06-1: How to write R codes, manage Projects, work with RStudio

Tips to make the most of the lecture notes

Interactive navigation tools
Running and writing codes

Click on the three horizontally stacked lines at the bottom left corner of the slide, then you will see table of contents, and you can jump to the section you want
Hit letter “o” on your keyboard and you will have a panel view of all the slides

The box area with a hint of blue as the background color is where you can write code (hereafter referred to as the “code area”).
Hit the “Run Code” button to execute all the code inside the code area.
You can evaluate (run) code selectively by highlighting the parts you want to run and hitting Command + Enter for Mac (Ctrl + Enter for Windows).
If you want to run the codes on your computer, you can first click on the icon with two sheets of paper stacked on top of each other (top right corner of the code chunk), which copies the code in the code area.

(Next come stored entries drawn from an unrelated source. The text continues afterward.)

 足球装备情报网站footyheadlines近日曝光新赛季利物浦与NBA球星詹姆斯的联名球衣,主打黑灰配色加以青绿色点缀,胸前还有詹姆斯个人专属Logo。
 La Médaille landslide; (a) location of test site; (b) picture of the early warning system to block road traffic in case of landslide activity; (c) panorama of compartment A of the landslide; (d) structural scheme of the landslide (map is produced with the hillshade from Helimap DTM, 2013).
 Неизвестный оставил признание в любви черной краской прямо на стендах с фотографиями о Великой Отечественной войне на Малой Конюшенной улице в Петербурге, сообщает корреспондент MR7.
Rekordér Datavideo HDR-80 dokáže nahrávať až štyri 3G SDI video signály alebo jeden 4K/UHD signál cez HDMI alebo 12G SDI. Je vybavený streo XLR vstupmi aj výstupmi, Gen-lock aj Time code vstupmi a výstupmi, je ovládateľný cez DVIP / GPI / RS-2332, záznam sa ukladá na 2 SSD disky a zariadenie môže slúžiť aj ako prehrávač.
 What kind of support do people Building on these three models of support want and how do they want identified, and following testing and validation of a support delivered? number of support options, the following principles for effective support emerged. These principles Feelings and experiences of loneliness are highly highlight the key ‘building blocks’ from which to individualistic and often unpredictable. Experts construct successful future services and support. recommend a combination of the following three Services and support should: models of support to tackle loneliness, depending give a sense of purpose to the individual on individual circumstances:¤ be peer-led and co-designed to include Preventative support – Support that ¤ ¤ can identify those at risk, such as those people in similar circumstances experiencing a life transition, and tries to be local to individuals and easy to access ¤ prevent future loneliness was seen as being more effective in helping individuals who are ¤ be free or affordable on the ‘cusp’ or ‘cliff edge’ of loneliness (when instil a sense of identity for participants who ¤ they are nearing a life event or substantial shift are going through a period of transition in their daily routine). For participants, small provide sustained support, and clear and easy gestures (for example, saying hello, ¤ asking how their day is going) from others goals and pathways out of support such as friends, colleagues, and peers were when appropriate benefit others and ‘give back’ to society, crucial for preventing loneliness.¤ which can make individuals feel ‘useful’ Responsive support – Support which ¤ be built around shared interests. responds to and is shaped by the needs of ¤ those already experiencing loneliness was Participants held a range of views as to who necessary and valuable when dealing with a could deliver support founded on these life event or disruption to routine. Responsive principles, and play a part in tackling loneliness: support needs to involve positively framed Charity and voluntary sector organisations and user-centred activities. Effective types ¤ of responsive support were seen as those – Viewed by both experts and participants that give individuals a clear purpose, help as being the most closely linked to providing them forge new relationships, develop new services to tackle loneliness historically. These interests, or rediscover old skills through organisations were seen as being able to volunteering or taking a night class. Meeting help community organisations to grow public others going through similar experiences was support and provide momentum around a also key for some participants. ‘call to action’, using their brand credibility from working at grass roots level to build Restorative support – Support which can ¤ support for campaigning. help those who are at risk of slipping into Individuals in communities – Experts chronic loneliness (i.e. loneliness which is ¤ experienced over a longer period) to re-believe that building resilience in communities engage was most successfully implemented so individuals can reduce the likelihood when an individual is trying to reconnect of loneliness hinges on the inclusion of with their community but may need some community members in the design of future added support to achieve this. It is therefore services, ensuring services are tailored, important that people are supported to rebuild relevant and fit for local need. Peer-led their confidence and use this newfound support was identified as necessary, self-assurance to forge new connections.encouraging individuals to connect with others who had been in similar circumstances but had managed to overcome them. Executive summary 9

You can then paste it onto your computer.
You can click on the reload button (top right corner of the code chunk, left to the copy button) to revert back to the original code.

Learning objectives

Learn how to organize your project: folder, codes, data files, etc
Learn how to organize R codes
Learn how to use various RStudio tips for efficient programming

Reproducibility

What is it?
How
High v.s. low quality
Why high-quality reproducible research
Check list

First of all, you may have heard of “reproducibility” and “replicability.” While they sometimes are used interchangeably, they mean different things. Here are commonly used definitions of the two terms (Cacioppo et al. 2015).

Definition: Reproducibility

A research study is reproducible if anybody (including the author of the study) can generate exactly the same results by using the same materials (e.g., data) and procedures used in the study.

Definition: Replicability

A research study is replicable if other teams reach the same conclusion by applying the same procedure to the different materials (e.g., data).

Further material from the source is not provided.